(Dataset entries)
---
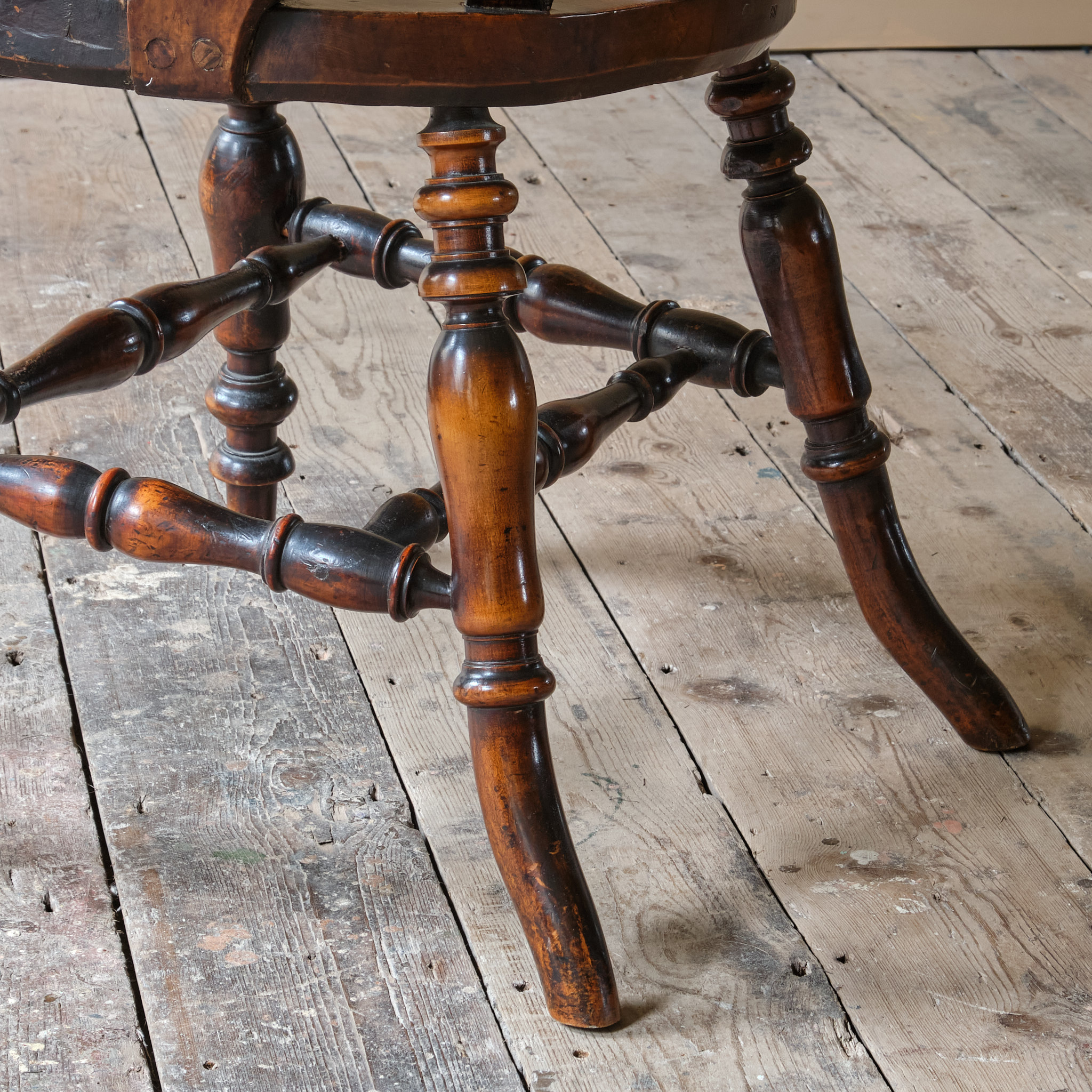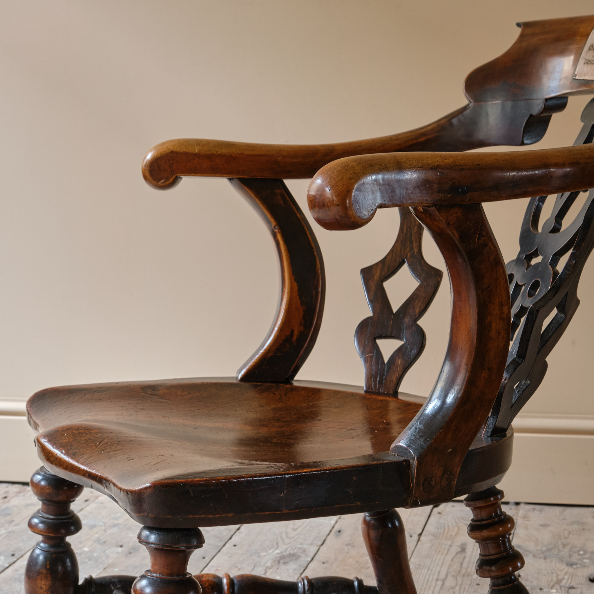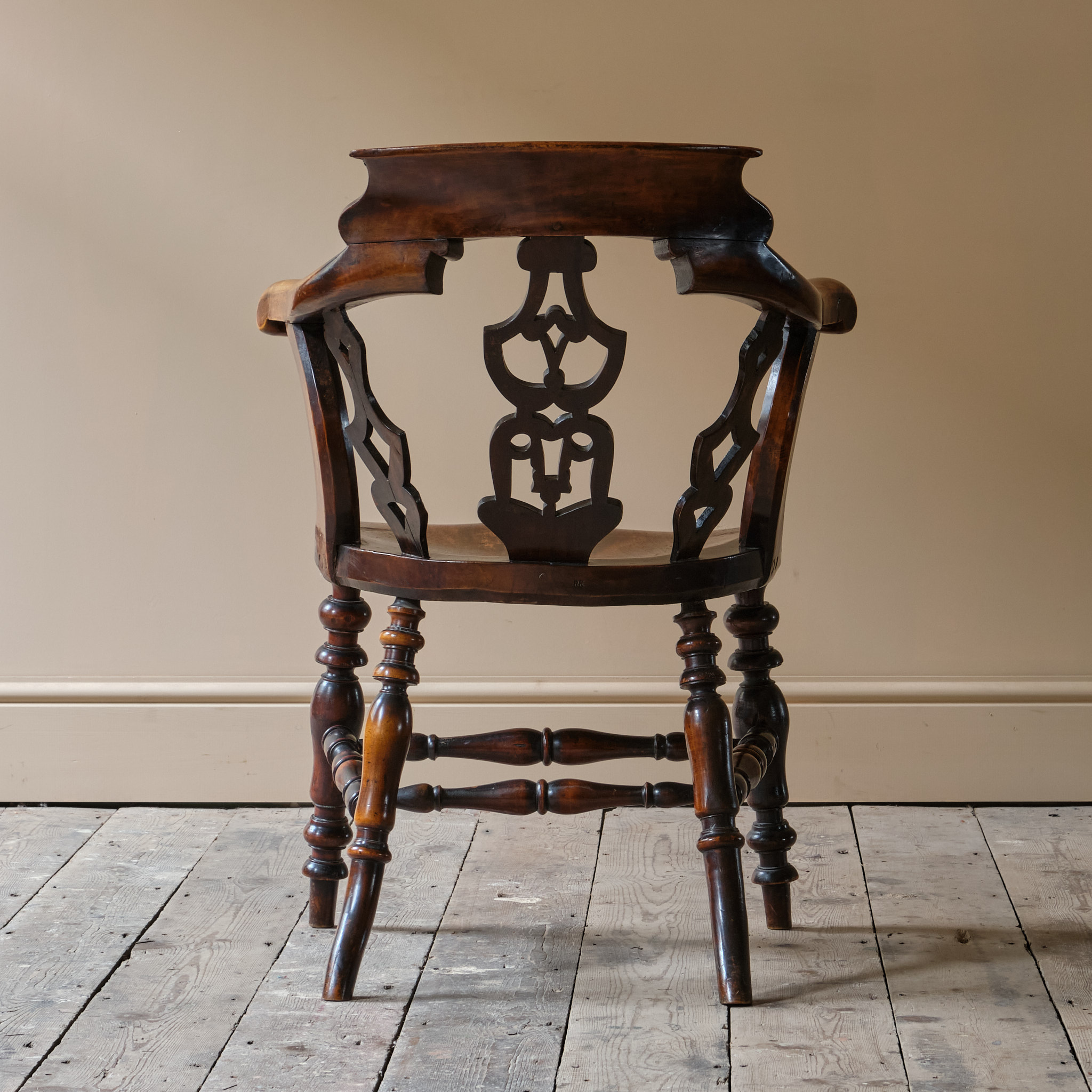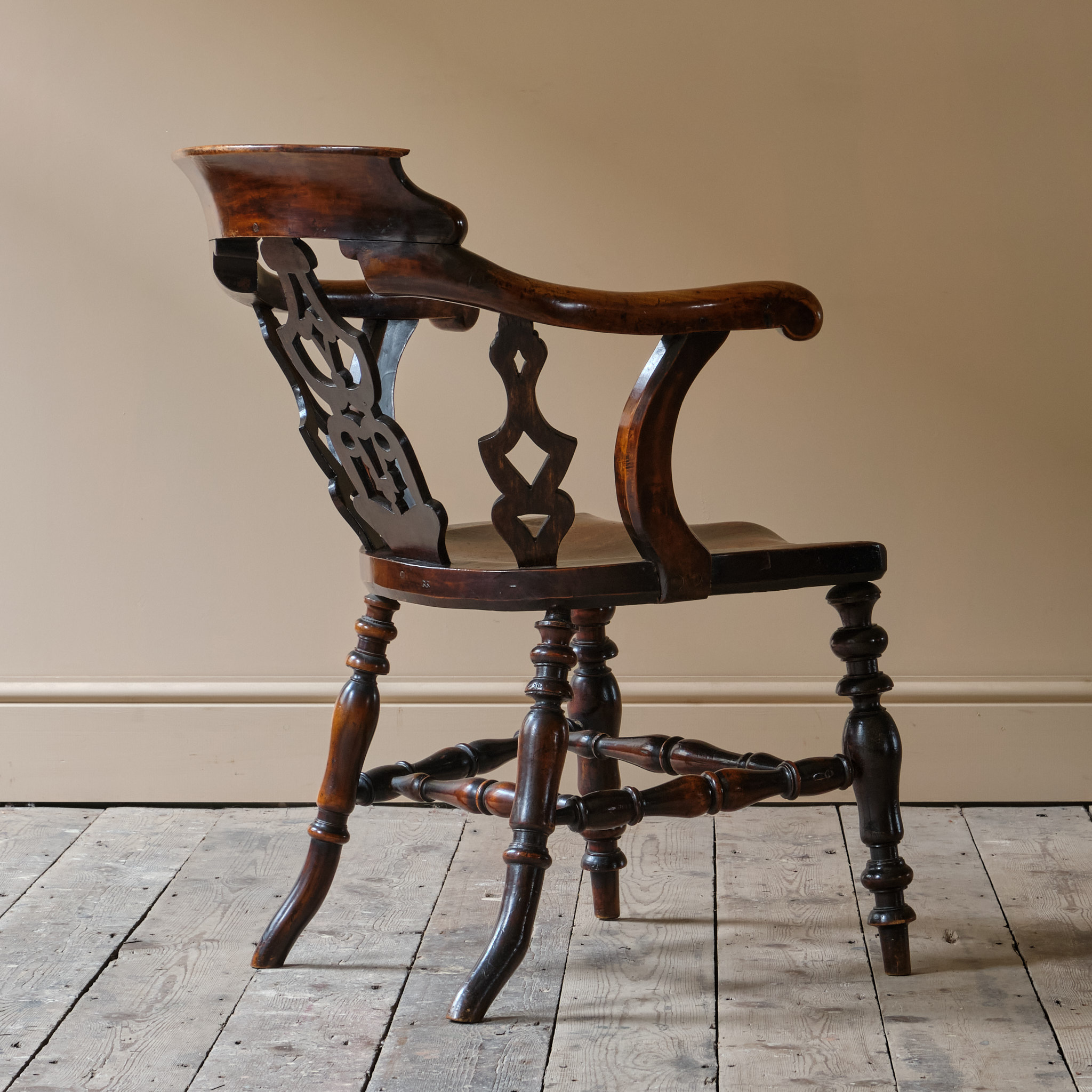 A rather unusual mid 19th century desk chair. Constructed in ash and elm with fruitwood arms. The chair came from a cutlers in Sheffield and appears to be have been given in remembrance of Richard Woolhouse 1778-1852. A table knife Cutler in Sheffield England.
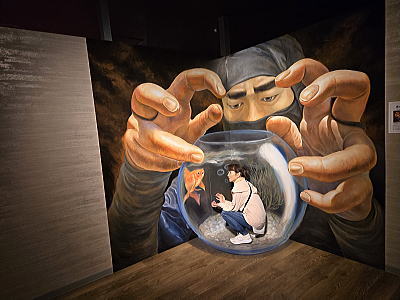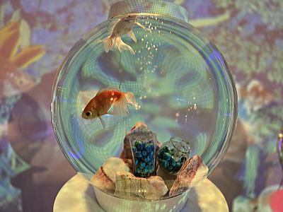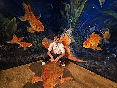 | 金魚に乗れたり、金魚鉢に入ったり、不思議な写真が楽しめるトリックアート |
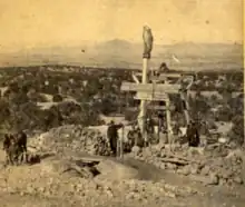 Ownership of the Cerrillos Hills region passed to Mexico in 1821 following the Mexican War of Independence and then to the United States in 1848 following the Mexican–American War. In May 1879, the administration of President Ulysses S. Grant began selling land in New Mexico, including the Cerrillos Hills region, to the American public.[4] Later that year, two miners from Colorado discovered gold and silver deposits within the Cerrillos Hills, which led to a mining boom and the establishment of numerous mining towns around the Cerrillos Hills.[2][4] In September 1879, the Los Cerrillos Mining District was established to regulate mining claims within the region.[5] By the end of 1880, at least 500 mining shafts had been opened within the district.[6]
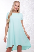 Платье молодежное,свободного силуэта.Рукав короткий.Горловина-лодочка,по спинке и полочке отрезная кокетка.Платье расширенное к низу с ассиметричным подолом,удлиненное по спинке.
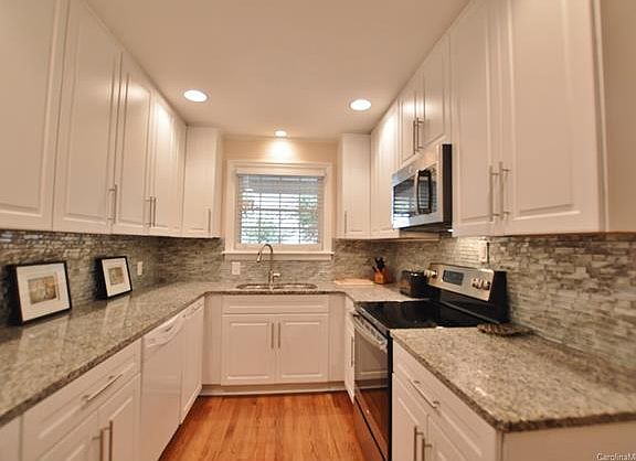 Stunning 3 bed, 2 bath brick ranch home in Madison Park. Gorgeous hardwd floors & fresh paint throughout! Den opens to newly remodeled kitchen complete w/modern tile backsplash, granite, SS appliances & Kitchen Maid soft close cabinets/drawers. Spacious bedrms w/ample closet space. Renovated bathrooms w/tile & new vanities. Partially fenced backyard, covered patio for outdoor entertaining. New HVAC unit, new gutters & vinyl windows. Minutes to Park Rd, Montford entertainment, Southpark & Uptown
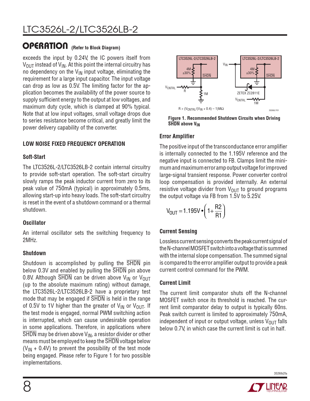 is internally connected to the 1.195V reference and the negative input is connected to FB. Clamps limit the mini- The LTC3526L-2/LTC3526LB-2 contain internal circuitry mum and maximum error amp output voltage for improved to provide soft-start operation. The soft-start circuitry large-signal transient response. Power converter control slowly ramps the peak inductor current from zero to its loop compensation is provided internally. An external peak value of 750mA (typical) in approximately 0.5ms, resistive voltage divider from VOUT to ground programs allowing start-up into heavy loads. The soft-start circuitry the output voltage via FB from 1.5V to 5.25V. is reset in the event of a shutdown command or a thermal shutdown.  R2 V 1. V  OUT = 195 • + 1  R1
---
Please copy the preceding records exactly and omit the images.

#### OUTPUT BELOW:
 A rather unusual mid 19th century desk chair. Constructed in ash and elm with fruitwood arms. The chair came from a cutlers in Sheffield and appears to be have been given in remembrance of Richard Woolhouse 1778-1852. A table knife Cutler in Sheffield England.
 | 金魚に乗れたり、金魚鉢に入ったり、不思議な写真が楽しめるトリックアート |
 Ownership of the Cerrillos Hills region passed to Mexico in 1821 following the Mexican War of Independence and then to the United States in 1848 following the Mexican–American War. In May 1879, the administration of President Ulysses S. Grant began selling land in New Mexico, including the Cerrillos Hills region, to the American public.[4] Later that year, two miners from Colorado discovered gold and silver deposits within the Cerrillos Hills, which led to a mining boom and the establishment of numerous mining towns around the Cerrillos Hills.[2][4] In September 1879, the Los Cerrillos Mining District was established to regulate mining claims within the region.[5] By the end of 1880, at least 500 mining shafts had been opened within the district.[6]
 Платье молодежное,свободного силуэта.Рукав короткий.Горловина-лодочка,по спинке и полочке отрезная кокетка.Платье расширенное к низу с ассиметричным подолом,удлиненное по спинке.
 Stunning 3 bed, 2 bath brick ranch home in Madison Park. Gorgeous hardwd floors & fresh paint throughout! Den opens to newly remodeled kitchen complete w/modern tile backsplash, granite, SS appliances & Kitchen Maid soft close cabinets/drawers. Spacious bedrms w/ample closet space. Renovated bathrooms w/tile & new vanities. Partially fenced backyard, covered patio for outdoor entertaining. New HVAC unit, new gutters & vinyl windows. Minutes to Park Rd, Montford entertainment, Southpark & Uptown
 is internally connected to the 1.195V reference and the negative input is connected to FB. Clamps limit the mini- The LTC3526L-2/LTC3526LB-2 contain internal circuitry mum and maximum error amp output voltage for improved to provide soft-start operation. The soft-start circuitry large-signal transient response. Power converter control slowly ramps the peak inductor current from zero to its loop compensation is provided internally. An external peak value of 750mA (typical) in approximately 0.5ms, resistive voltage divider from VOUT to ground programs allowing start-up into heavy loads. The soft-start circuitry the output voltage via FB from 1.5V to 5.25V. is reset in the event of a shutdown command or a thermal shutdown.  R2 V 1. V  OUT = 195 • + 1  R1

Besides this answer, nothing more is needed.